Le dernier né de Soukhoï testé par les as russes de la voltige

Le groupe aérien Preux russes s'est familiarisé avec le nouveau chasseur.

Le groupe aérien Preux russes s'est familiarisé avec le nouveau chasseur.

Marina Lystseva / TASS
Le nouvel appareil Soukhoï Su-30SM est parfaitement manœuvrable, ce qui le rend inégalable en combat rapproché. Ses concepteurs espèrent qu’il bénéficiera d’une grande demande en Indonésie, en Algérie et au Proche-Orient.

Freiner brusquement par la résistance sur le fuselage, réaliser des virages sur place et fendre de nouveau les airs : la patrouille acrobatique russe Rouskie Vitiazi (Preux russes) semble faire l’impossible, se lançant dans une danse dans le ciel du Salon aéronautique LIMA 2017 qui se tient du 21 au 25 mars en Malaisie. C’est une première tant pour la patrouille que pour leurs nouveaux appareils.

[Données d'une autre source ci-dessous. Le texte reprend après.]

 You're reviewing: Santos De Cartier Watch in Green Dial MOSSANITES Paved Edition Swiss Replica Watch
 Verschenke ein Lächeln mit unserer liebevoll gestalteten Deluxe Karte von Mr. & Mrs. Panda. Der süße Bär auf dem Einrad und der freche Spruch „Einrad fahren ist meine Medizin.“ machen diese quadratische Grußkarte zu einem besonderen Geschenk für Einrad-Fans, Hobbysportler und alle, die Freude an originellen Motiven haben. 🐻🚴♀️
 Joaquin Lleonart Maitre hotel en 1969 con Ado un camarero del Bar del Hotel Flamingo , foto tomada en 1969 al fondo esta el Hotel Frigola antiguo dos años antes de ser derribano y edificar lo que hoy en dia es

Le potentiel du nouvel avion

D’après ses capacités de combat et ses performances, cet appareil surpasse le Su-27 (qui lui a servi de base) et est considéré comme l’un des meilleurs chasseurs polyvalents au monde.

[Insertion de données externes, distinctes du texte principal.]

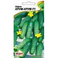 Огірок Хрум - Хрум F1--Середньоранній -43-48днів. Бджолозапильний гібрид, для вирощування у відкритому ґрунті і під тимчасовими плівковими укриттями. Рослина середньоросла, жіночого типу цвітіння. Зеленець короткий, циліндричний, велико бугорчатий з чорним опушенням. Маса зеленця 95-105г. Чудово підходить для засолювання і маринування, не утворює пустот. Плоди мають неперевершений смак і аромат. Рослинам потрібен полив, прополка, розпушування та підживлення.
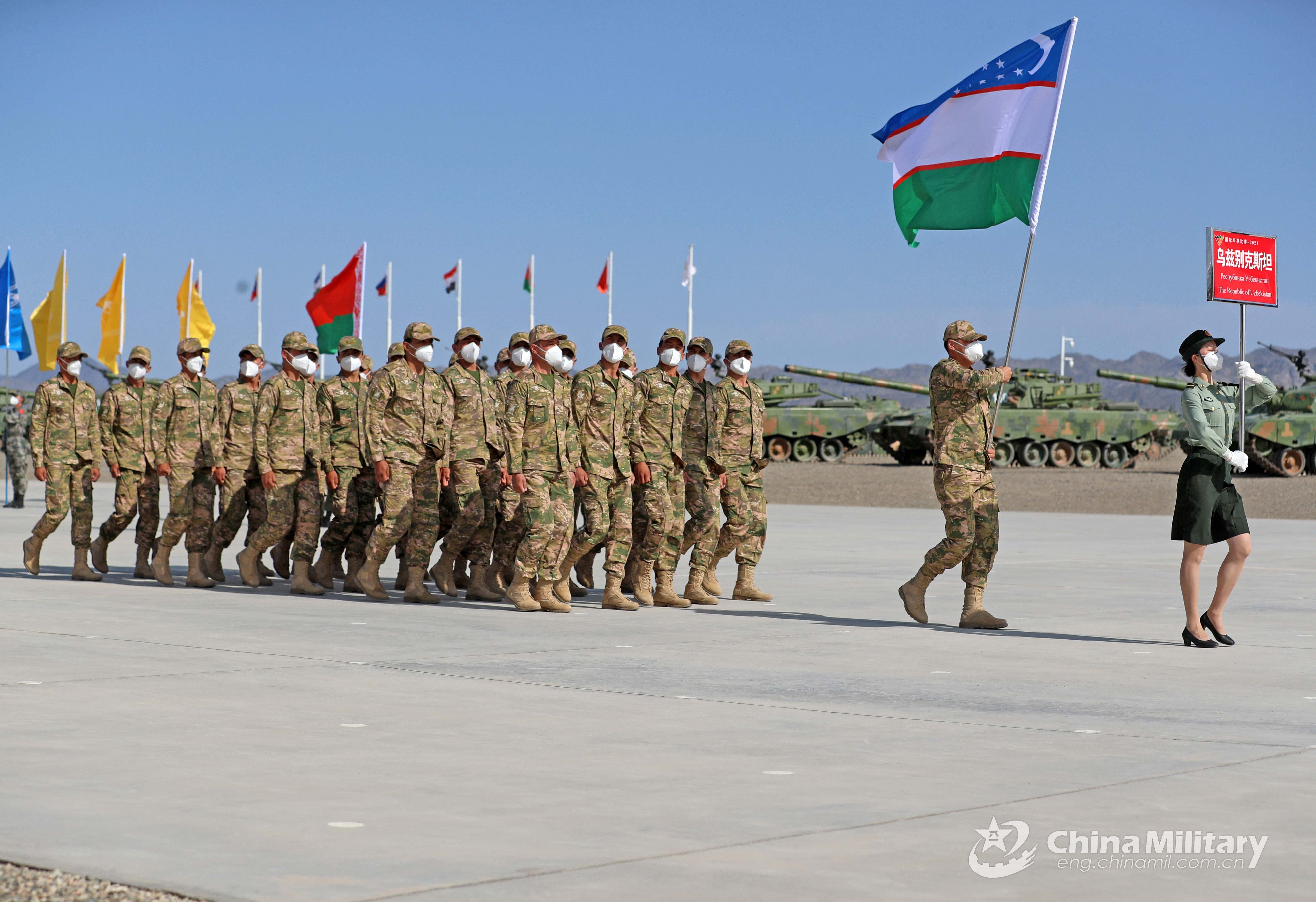 The opening ceremony of three competitions of the International Army Games (IAG) 2021 is held at the "Suvorov Attack" competition venue in Korla, northwest China's Xinjiang Uygur Autonomous Region, on August 22, 2021. The picture shows the Uzbek participating troops march past the reviewing stand at the ceremony. (Photo by Luo Xingcang)
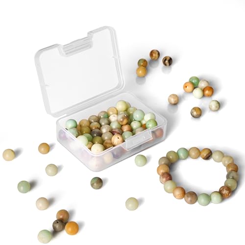 Belle Vous Naturliga Amazonit Sten Rund Lösa Pärlor med Förvaringslåda (100 Pack) – 8,6 mm Kristall Energi Läkande Ädelsten Pärla Uppsättning för att Göra Smycken & Armband

C’est le premier avion de série qui est hautement manœuvrable grâce à un schéma aérodynamique intégral particulièrement efficace, à son système de commande du vecteur poussée AL 31FP et à un plan horizontal avant réglable. Les pilotes affirment que fort de ces performances, l’appareil surpasse le Su-30MKI (I pour la version indienne du chasseur) dans les combats aériens rapprochés.

« Le Su-30MKI est le premier chasseur destiné à l’exportation à être muni d’un radar de bord à réseau de phase pour garantir le repérage, le suivi et l’attaque de plusieurs cibles, a indiqué à RBTH Valéry Avérianov, Héros de Russie et pilote d’essai de la société Irkout. C’est également le premier chasseur russe fabriqué en série qui possède une architecture ouverte d’équipements radioélectroniques de bord. « Cette conception simplifie la modernisation de l’appareil et son adaptation aux exigences d’un client concret », a-t-il constaté.

Toujours d’après Valéry Avérianov, la haute manœuvrabilité du nouvel avion lui assure l'avantage dans le combat rapproché. « Elle permet de passer rapidement au régime de manœuvres énergiques et d’utiliser plus vite les armements tout en renforçant la sécurité de ces manœuvres », a-t-il fait remarquer.

En outre, l’appareil embarque deux personnes, à la différence des autres nouveaux chasseurs russes. « Pourquoi le Su-30SM et non le Su-35 ? En fait, l’avion est conçu pour remplir les mêmes missions que le Su-35, mais le Su-30SM est biplace. C’est plus confortable pour les pilotes. Pendant les vols, l’un peut piloter et l’autre remplir les fonctions de navigateur », a indiqué dans une interview à l’agence TASS le général Andreï Ioudine, commandant des Forces aériennes et commandant en chef adjoint des Forces aérospatiales de Russie.

Une sacrée publicité pour l’avion

Selon Pavel Boulat, directeur du Laboratoire international de mécanique et des systèmes énergétiques de l’Université des technologies de l’information, la patrouille acrobatique russe est arrivée en Malaisie pour présenter les performances du nouvel avion aux clients étrangers.

« La Russie souhaite livrer son appareil au Proche-Orient, en Indonésie et en Algérie. Les Rouskie Vitiazi ont réalisé des vols de démonstration pour les éventuels clients de la société Irkout et de l’agence Rosoboronexport (chargée des exportations de l’industrie militaire) », a-t-il ajouté.

Selon lui, le concurrent principal de l’avion russe est le Rafale français. « Ils sont comparables d’après leur potentiel de combat, mais le français est deux fois plus cher et il est toujours livré sans transfert des technologies. En outre, le Rafale est quand même un avion léger, tandis que le Su-30 est un chasseur lourd à distance franchissable de 6 000 kilomètres », a fait remarquer Pavel Boulat. Il a noté que le Rafale présentait un avantage au niveau de son antenne active à balayage électronique, meilleure que celle de l’avion russe.